The modern discourse made possible by contemporary artists

If the saying holds true that defining the problem is already a key to finding a solution, then modern discourse is far from fulfilling that. As experienced in Berlin during the debate about refugees in November 2015, speakers at the conference Europe. Its Values. Its Citizens. Berlin "A Soul for Europe" Nov 2015 could not articulate the problems in understandable terms. They avoided the problem by using the crisis merely to reaffirm already existing concepts or else they evaded coming to terms with the problems by postulating 'should sentences' e.g. we should work together, we should be open to the refugees etc. as if nothing stands in the way of resolving the problem, if only these 'should'-sentences are fulfilled. Neither side defines the problem in its own terms while the so-called middle class of society has been gripped by panic.

There is still another way to avoid coming to terms, and may be called 'empirical Idealism' when trying to become more actual, up to date, then the best journalist. Even an artists like Ai Wei-Wei may end up seeking the 'actual' when he decides to set up a studio on the Greek island of Lesbos. It may amount to implying that he intends to draw the world's attention to the largely unresolved refugee problem on the island, but is this really doing something about it? It was Adorno who said that those who chase the actual will end up using a jargon of actuality which prevents the reflections needed to come to terms with the problem. Adorno meant at his time the jargon Heidegger was using and which can be characterized as bringing across messages hardly to be understood, if not misunderstood by those who follow this jargon blindly.

In all fairness to Ai Wei-Wei, he departs from Duchamp and derives his own concept of what we tend to perceive or even believe to perceive in the present. He complements his own perception by use of the camera to hold onto the present. When presenting himself as visiting professor at the University of Art in Berlin, he explained what this concept of his entails. For he believes that we do not perceive everything that exists out there, in the present, and only when looking afterwards at the photos taken at that time, do we realize what we have not seen such as all the beautiful ladies in the audience. (For his presentation in Berlin, see http://poieinkaiprattein.org/beyond-images/questions-and-thoughts-about-the-arts/ai-wei-wei-in-berlin-2015-2018/)

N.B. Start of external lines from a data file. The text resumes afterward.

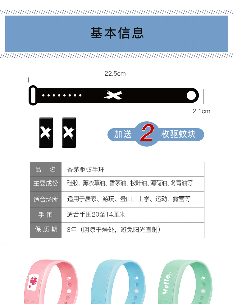 商品名称:时尚硅胶驱蚊手环 防蚊手环 定制促销小礼品
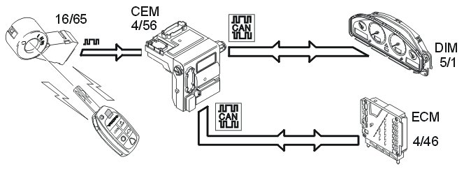 If the ignition key is turned to position 0 but the key is not removed from the ignition switch, the engine control module (ECM) will wait for a while but then send a command to the central electronic module (CEM) to activate the immobilizer, despite the fact that the key has not been removed from the ignition switch.
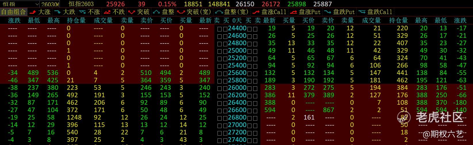恒指期权满屏皆绿,指数变化不大的情况下,认购与认沽齐跌现所谓双杀场面并非稀有现象。波幅指数高位回落时,指数波动又跟不上,两边齐萎缩。对于突发行情的迎头入场投机者尤为不利,买那边都会被萎缩。做买权需经验+技巧,对于波幅指数(恐慌指数)影响需了解。中东事件,恒指仍于两个月内的区间波动,美股不跌反升,企业影响2月初的纳指QQQ连续两日大跌,此次连一日大跌未有,美股VIX仅升8%。 $恒生指数主连 2603(HSImain)$ $纳指100ETF(QQQ)$ $HSI(HSI)$
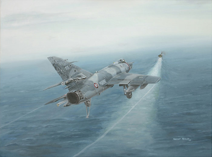 This painting represents the carrier landing aboard the Clemenceau of the Etendard IVP S/N 115 piloted by Pierre « FOSTER » Clary which has been hit by a SAM during a recce pass over Gorazde in Bosnia in April 94.
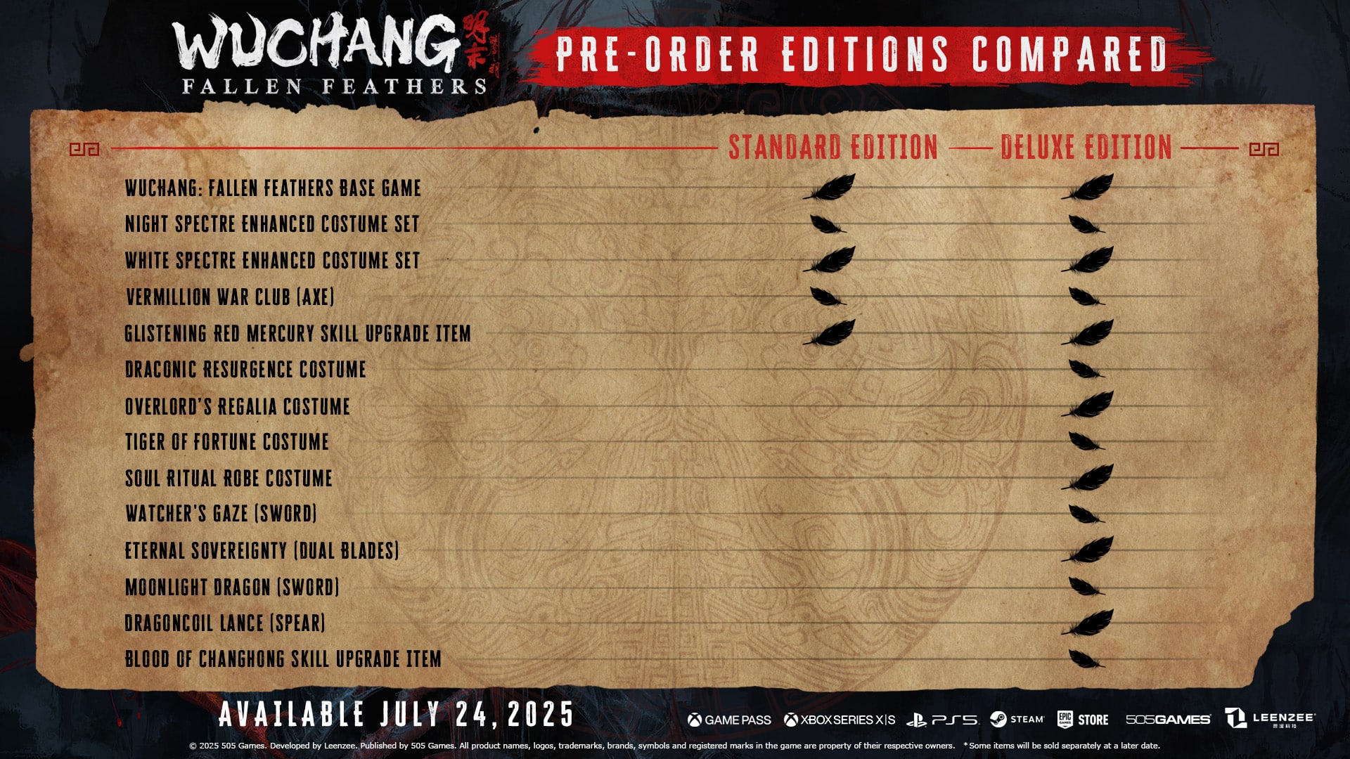 WUCHANG: Fallen Feathers ยังมีวางจำหน่ายในรูปแบบ Deluxe Edition ซึ่งจะประกอบด้วย:

Sonia Guggisberg in Sao Paulo has re-created another relationship to the present. In one of her installations she depicts a tree which has memories of what took place underneath its branches or nearby. In her photo-Installations she works as if in a film with sequences showing an interplay of light and sound. In the case of the tree, what is remembered most are the sounds of those who used to play underneath the tree or else what was said while men were resting in its shade by leaning with their backs against the tree. Sonia has most recently gone to Lampedusa to make a video film of the boat cemetery as the trail of memories of those who drowned in the Mediterranean means depicting the shores against which so much has spilled as of late.

Quite another approach have taken the Russian artists and twins Maria und Natalia Petschatnikov They may be the farthest away from artistic means of expression based on modern technology, but in quite another way they come very close to technology. This is especially the case with their street car installation. By observing this technical vehicle by making first of street cars photos, then by perceiving them as dancers through the streets and this in memory of Nabakov's own view of street cars as not lasting very long in cities, they had already a very differentiated viewpoint. By painting furthermore replicas of these photos to study even better these vehicle, they transformed the original design when reconstructing it by use of 'toile'. Now they have gone again to quite a different topic by picking up their own childhood memories and by reconstructing them, they are discovering that this work called Pobaltis is a powerful way to connect to other people who all remember with fondness as well the places where they spend their childhood days.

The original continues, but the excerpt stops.